7.Dietary Education for Child Inpatients and their Parents Questionnaire Surveys
Saori FUKAMI ; Takahito NAKAMURA ; Katsuyasu YANAGIDA ; Shingo YAMADA ; Hayato SHIGEMURA ; Mikari ITO ; Hiroyuki IWATA ; Tetsuaki SHUMIYA ; Naoko NISHIMURA ; Takao OZAKI
Journal of the Japanese Association of Rural Medicine 2011;60(2):96-103
In recent years, changes in Japanese dietary habits have been associated with the increased incidence of obesity and lifestyle diseases even among children. Dietary education is considered essential for stemming this trend. In this study, we introduced the following initiative in dietary education for children admitted to hospital and their parents from the standpoint of health care workers providing meals to inpatients. We added a ‘Children's Lunch’ to the menu. Designed for the fussy children, it was a nutritionally balanced meal. On traditional seasonal festival days, we wrote an introduction to Japanese seasonal cuisine and showed it to the children.
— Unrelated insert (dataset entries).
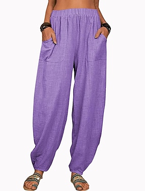 Pantalon sarouel 100 % coton pour femme, couleur unie, coupe ample et décontractée, idéal pour la maison, la rue et le quotidien.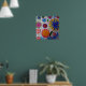 Wenn Sie helle Farben mögen und Blume Liebe haben, dann werden Sie dieses fröhliche, moderne Blumendesign lieben. Die in kräftigen, lebhaften Pastelltönen in Gelb, Blau, Rosa, Grün und Rot gestrichenen Blüten sorgen für ein angenehmes Ambiente, das zum Lächeln einlädt.
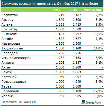 Билеты в кино по итогам октября стоили в среднем по РК 1 219 тенге за сеанс - на 2,7 процента больше, чем годом ранее. Больше всего в крупных городах и мегаполисах страны платить приходится киноманам Атырау и Астаны.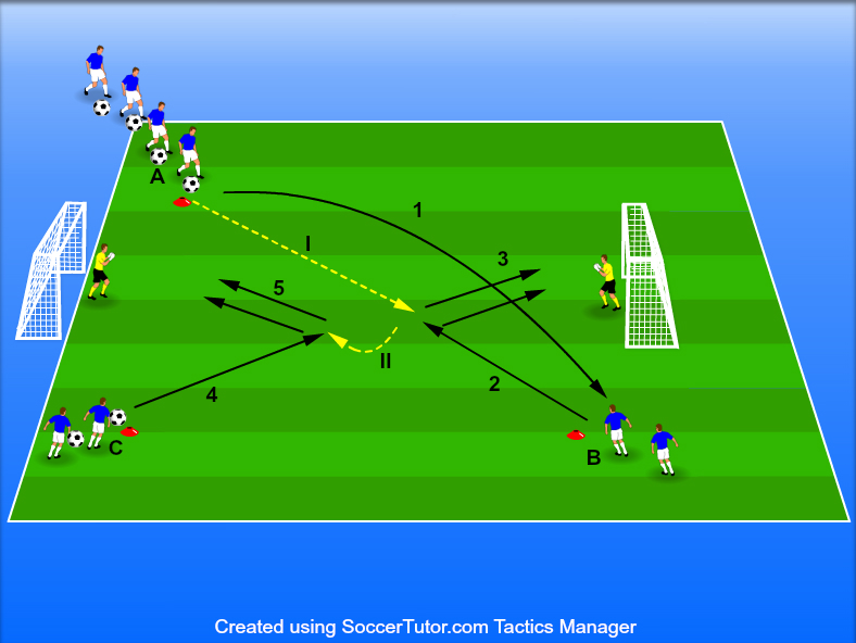 A work surface will be made with a distance between the goals of about 30 - 35 metres. Players A and C will have balls in their possession.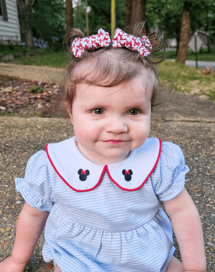 Imagine putting the final touch to your toddler's outfit with our Totally Minnie Bow Clips handmade from buttery soft stretchy fabric.

To the parents, we distributed a regular weekly pamphlet outlining the importance of dietary education, with an explanation of the ingredients used in the meals, and recipes. To assess the results of this initiative, we conducted a questionnaire survey of parents on a weekly basis. The results of the surveys (n=215, recovery rate 87%) taken during the first three months showed that the majority of parents rated all four aspects of the ‘Children's Lunch’ high menu content, presentation, child's response, and the pamphlet contents. The parents displayed a deep interest in our activity, because 93% of those parents said that they were impressed with dietary education. On the other hand, some dietary problems were identified, with tendencies to use only ingredients preferred by the children, and eat out often. This was a short term initiative, limited to hospitalization, but we were cwetain that we had been able to provide an opportunity for parents to think about their children's diets. We plan to continue this initiative, thereby making a contribution to dietary education for children.